Back home, the Oracle opines that this might be a case of reading too much into a small state election. Delhi, after all, is the smallest of the four heartland states that went to elections and the personal popularity of Sheila Dikshit, her focus on state issues and the highly informed electorate of Delhi (which can discern State and Central government powers/concerns very easily) played a huge part in the outcome. The BJP certainly has reasons to worry, after whittling away a healthy pre-election lead; and then losing dismally in the immediate aftermath of a "spectacular" terrorist attack.

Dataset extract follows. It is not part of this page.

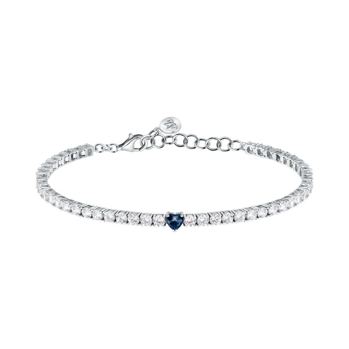 tesori bracelet 925 silver white cz with sapphire heart centre cz 19cm

But not too many! If you look carefully at the electoral history of India, you will notice that major events have, of themselves, rarely proved to change public opinion overnight. What one needs is time... time for a political party to build a political campaign around the event. In the case of Delhi, this is precisely what the BJP lacked... enough time to make political capital over the Mumbai terrorist attacks. A simple example of this phenomenon would be the following: the burning of the Sabarmati express did not have an immediate effect on electoral outcomes in Gujarat. In fact, the Congress won handsomely in several small, local elections held after the Godhra incident, leading at least one senior Congress leader to say smugly: The Congress has swept all the elections in Gujarat pre-Godhra and post-Godhra. If Narendrabhai had not crisscrossed Gujarat on his Gaurav Yatra, or if VHP cadres had not campaigned in the tribal areas of Gujarat wearing tee-shirts with the message "क्या आप गोधरा को भूल सकते हैं ?", the outcome might well have been different. Kandhmahal would be another case in point, where the BJP made very little impact in local body elections despite the highly publicized communally charged situation on the ground. Again, the BJP hardly campaigned in Kandhmahal on the issue of Hindutva.

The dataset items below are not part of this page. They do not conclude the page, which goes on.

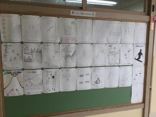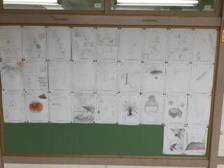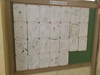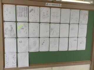 1年生の教室を回っていると廊下に作品が新たに掲示されていました。
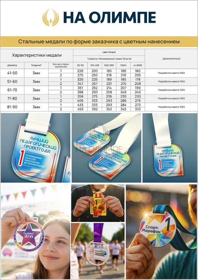 Стоимость медали указана за нанесение с одной стороны.
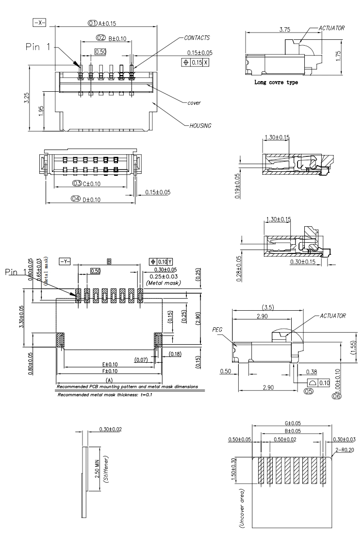 0.5MM Pitch FFC FPC Connector Right Angle Double Contact Type 1.0H Zif Connector Product Item:FPC0509-xxRL-TAG Housing:LCP UL94V-0 Contact:Copper Alloy Current Rating:0.5A Dielectric Withstanding Voltage:100 V R.M.S. 05MM Pitch FFC FPC Connector Right Angle 10H Zif Connector Inquiry Send Email Datasheet
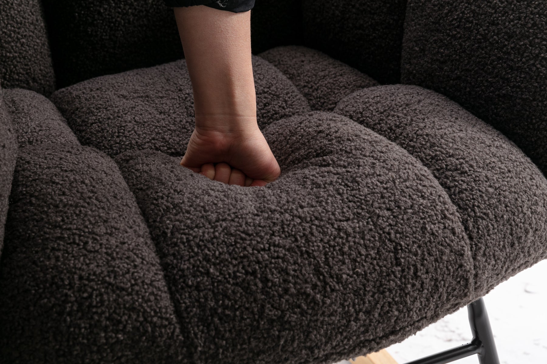 • Product BOM:Soft Teddy Material+Foam Filling+Wooden Frame+Black Paint Metal Base+Wooden Rocking Legs+Upholstered+Floor Protection And Isolation Layer;
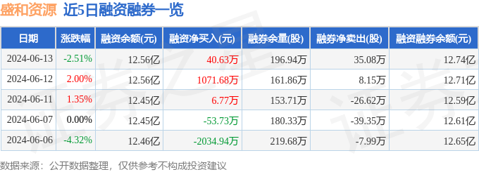 盛和资源融资融券信息显示,融资方面,当日融资买入818.03万元,融资偿还777.39万元,融资净买入40.63万元,连续3日净买入累计1119.08万元。融券方面,融券卖出37.86万股,融券偿还2.78万股,融券余量196.94万股,融券余额1758.67万元。融资融券余额12.74亿元。近5日融资融券数据一览见下表:

The lesson for the BJP is that it cannot hope to benefit from any communally charged situation unless it actually campaigns on the issue. As far as Delhi is concerned, the BJP never had the time to work the issue into the campaign. A last minute advertisement in the newspapers does not count as a campaign and it gives ammunition to BJP bashers in the media. Compare this to the situation in Jammu, where the BJP's performance was stellar. There the BJP had time to convert the groundswell of public anger into votes, by means of an effective campaign. At one point, the BJP was leading in 17 seats, a score that shrank to 11 (which is still a gain of 10 seats!!), probably due to widespread public realization that, of the 4 parties: Congress, PDP, NC and BJP, the BJP alone has no chance at power at all. Nevertheless, Ghulam Nabi Azad's statement that the BJP's gains are "worrisome" is extremely reprehensible. The connotation that the BJP is somehow anti-national is reprehensible and rather ironic, particuarly because the Congress party declared that it was open to tie up with a party that was both "secular" and "nationalist". The PDP does not make the grade as either "secular" or "nationalist" and the Congress should know that. Apart from that, the Congress should be reminded of its seat sharing arrangement with the Muslim League (IUML) in Kerala. Of course, Ghulam Nabi toned down his remark later on to say that "BJP has won but Jammu has lost, because the BJP will never make it to power". Yet, the act of an elected leader thus belittling the verdict of the people as well as the accompanying admission that the new Government of J&K intends to punish the Jammu region is despicable.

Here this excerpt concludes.